(DATA EXTRACTS)

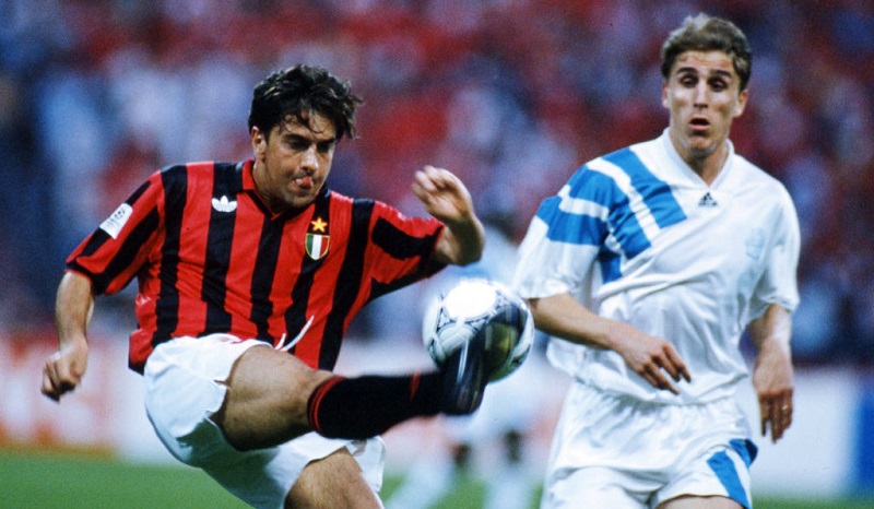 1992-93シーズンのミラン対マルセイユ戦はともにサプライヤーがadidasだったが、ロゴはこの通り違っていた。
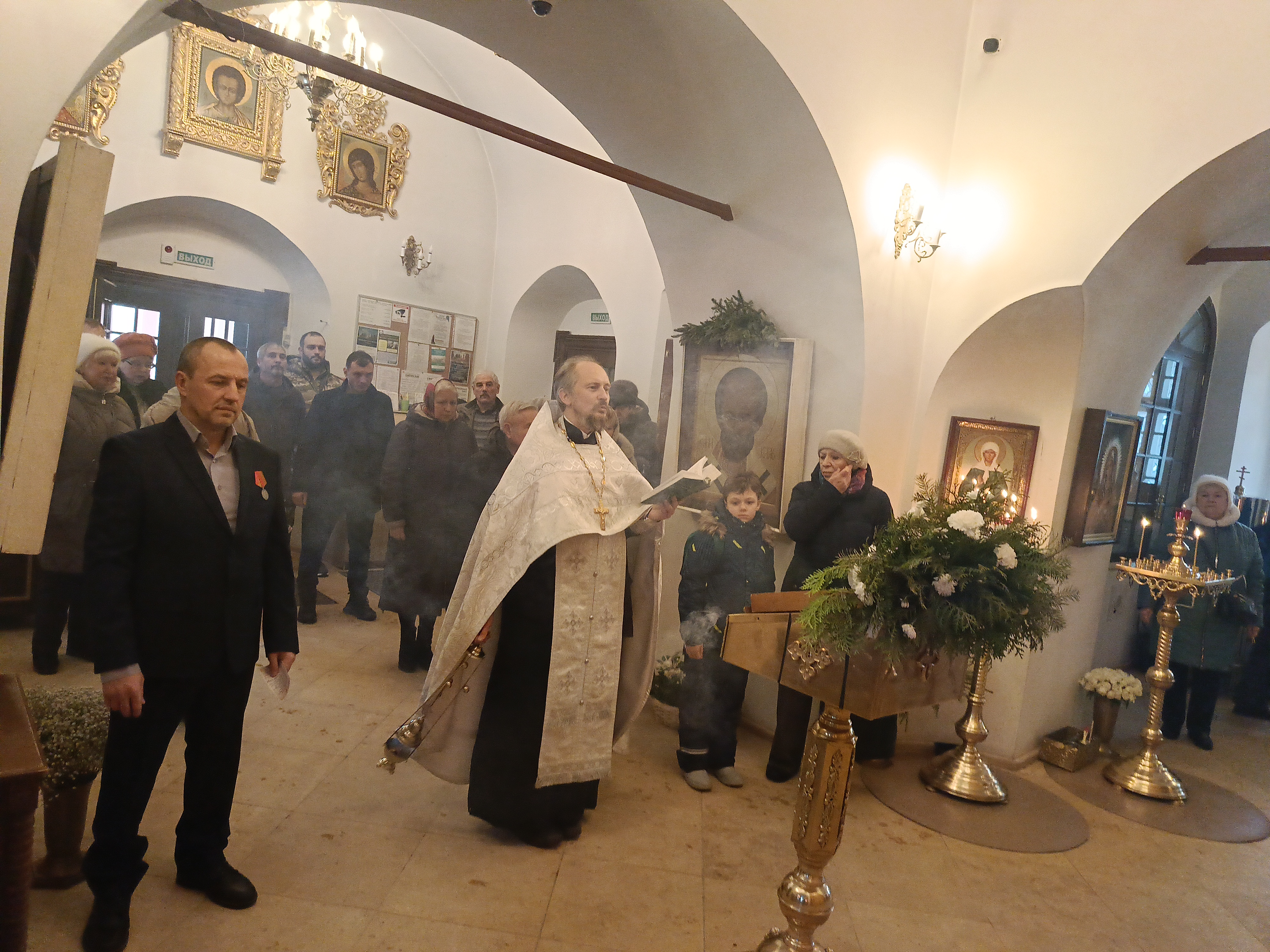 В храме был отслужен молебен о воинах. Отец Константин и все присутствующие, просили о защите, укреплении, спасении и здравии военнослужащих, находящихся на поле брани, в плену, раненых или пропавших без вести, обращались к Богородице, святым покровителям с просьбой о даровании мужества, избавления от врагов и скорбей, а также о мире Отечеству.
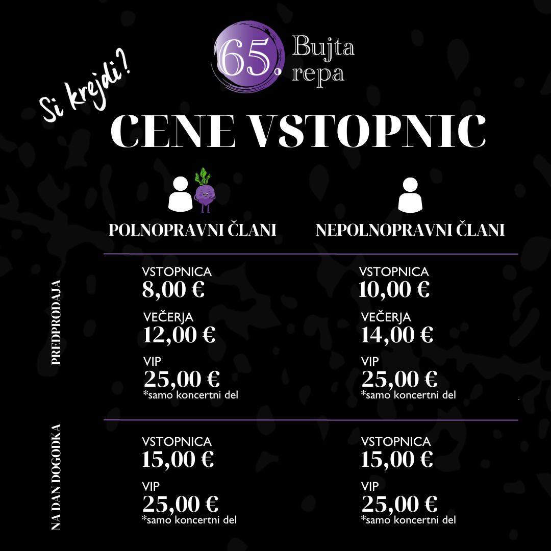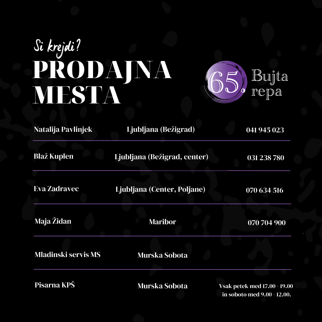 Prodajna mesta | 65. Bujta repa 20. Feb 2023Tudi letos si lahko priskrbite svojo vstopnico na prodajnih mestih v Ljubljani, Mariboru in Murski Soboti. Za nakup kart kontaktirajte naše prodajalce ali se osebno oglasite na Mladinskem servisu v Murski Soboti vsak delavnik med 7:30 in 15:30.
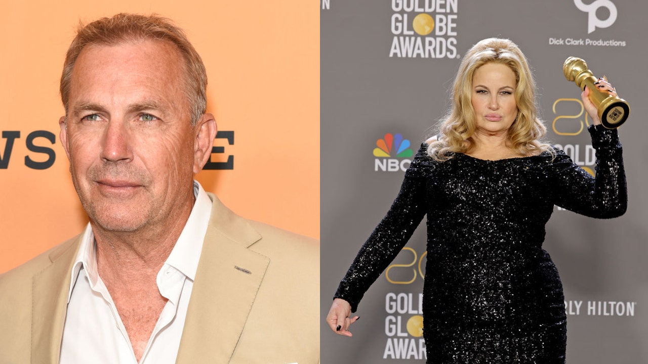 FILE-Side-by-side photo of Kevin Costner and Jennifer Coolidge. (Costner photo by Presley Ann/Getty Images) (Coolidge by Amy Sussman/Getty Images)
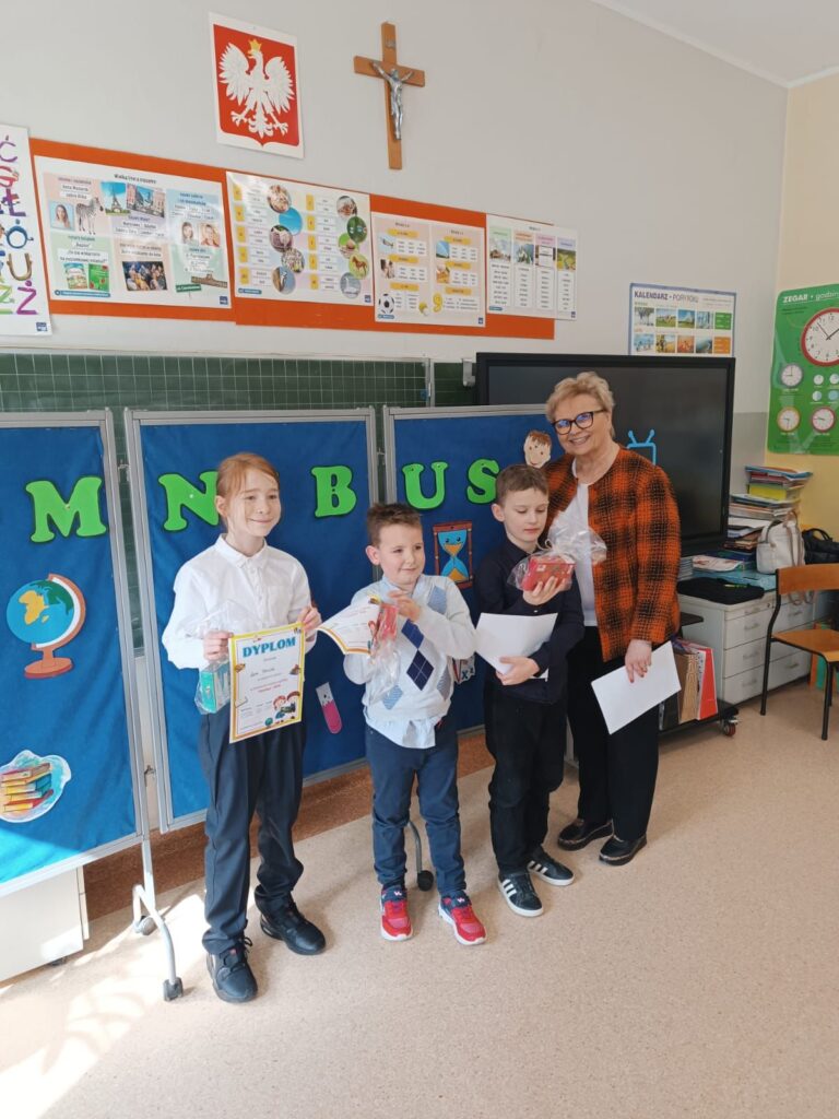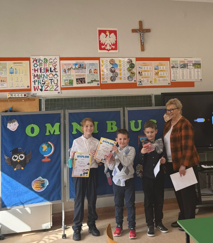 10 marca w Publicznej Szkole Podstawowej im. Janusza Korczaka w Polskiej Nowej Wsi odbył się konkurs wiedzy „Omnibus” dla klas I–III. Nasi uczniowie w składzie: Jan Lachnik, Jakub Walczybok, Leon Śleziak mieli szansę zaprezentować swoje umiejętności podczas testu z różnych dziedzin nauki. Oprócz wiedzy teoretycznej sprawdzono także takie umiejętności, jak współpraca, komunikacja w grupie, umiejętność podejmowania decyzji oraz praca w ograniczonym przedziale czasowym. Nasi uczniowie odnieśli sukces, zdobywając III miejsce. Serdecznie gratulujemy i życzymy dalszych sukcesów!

(End DATA EXTRACTS)
(DATA EXTRACTS)

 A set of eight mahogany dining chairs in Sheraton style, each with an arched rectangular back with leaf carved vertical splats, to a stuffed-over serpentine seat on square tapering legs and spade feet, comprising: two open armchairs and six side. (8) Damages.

(End DATA EXTRACTS)
(DATA EXTRACTS)

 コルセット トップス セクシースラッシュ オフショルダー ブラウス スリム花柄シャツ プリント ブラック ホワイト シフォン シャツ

(End DATA EXTRACTS)

**YOUR OBJECTIVE**: Within the listing above, copy exactly the lines that start at the one with "1992-93シーズンのミラ" and continue through the one with "В храме был". Omit pictures.

**RESPONSE AREA**:
 1992-93シーズンのミラン対マルセイユ戦はともにサプライヤーがadidasだったが、ロゴはこの通り違っていた。
 В храме был отслужен молебен о воинах. Отец Константин и все присутствующие, просили о защите, укреплении, спасении и здравии военнослужащих, находящихся на поле брани, в плену, раненых или пропавших без вести, обращались к Богородице, святым покровителям с просьбой о даровании мужества, избавления от врагов и скорбей, а также о мире Отечеству.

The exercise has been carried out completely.